• **Task goal**
What is needed is an exact reproduction of the lines in the records below, starting at the line with "Supportée par les" and ending at the line with "6 Styles, Small", both included, and nothing else; pictures stay out.
:: Data section ::
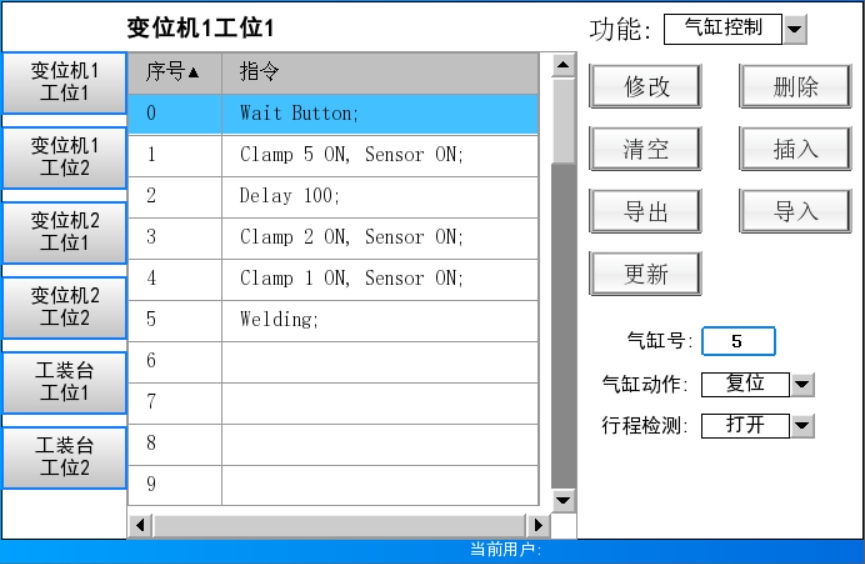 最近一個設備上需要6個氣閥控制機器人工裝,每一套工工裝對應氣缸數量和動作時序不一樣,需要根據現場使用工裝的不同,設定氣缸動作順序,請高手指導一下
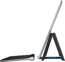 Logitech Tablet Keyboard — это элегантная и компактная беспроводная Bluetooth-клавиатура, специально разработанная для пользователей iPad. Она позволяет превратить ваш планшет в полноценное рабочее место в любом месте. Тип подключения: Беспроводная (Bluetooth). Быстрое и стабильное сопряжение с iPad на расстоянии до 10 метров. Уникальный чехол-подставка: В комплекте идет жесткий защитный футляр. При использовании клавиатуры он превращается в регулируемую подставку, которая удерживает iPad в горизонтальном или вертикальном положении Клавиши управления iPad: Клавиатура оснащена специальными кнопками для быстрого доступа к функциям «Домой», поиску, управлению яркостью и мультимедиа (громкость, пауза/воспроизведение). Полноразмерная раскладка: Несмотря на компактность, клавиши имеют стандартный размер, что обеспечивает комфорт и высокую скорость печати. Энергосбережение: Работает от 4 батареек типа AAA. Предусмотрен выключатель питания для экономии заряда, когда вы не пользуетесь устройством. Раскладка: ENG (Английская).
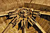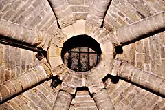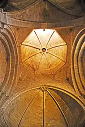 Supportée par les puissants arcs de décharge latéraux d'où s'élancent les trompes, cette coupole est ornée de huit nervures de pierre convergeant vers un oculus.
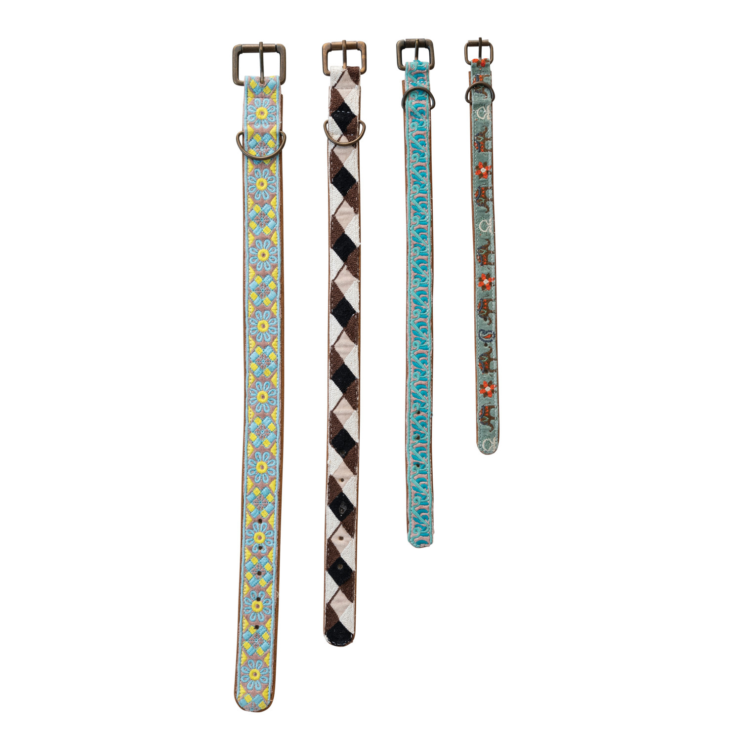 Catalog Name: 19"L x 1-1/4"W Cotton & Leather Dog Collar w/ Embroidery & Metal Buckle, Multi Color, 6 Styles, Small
:::
:: Data section ::
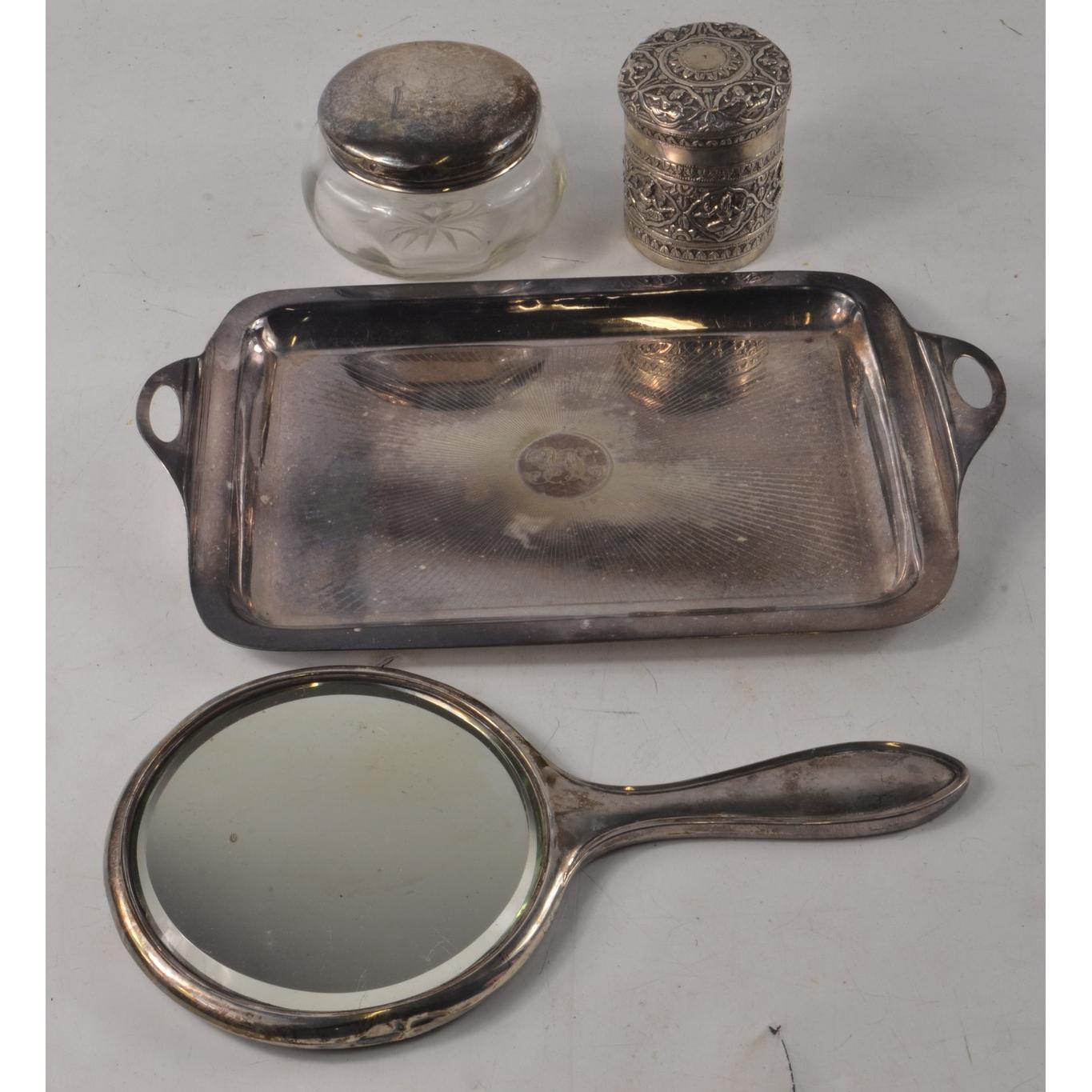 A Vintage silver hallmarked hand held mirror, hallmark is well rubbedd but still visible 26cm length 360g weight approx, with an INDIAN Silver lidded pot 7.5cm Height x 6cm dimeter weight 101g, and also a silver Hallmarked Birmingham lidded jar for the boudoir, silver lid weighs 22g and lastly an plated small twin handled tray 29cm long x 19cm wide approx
:::
• **Your solution**
 Supportée par les puissants arcs de décharge latéraux d'où s'élancent les trompes, cette coupole est ornée de huit nervures de pierre convergeant vers un oculus.
 Catalog Name: 19"L x 1-1/4"W Cotton & Leather Dog Collar w/ Embroidery & Metal Buckle, Multi Color, 6 Styles, Small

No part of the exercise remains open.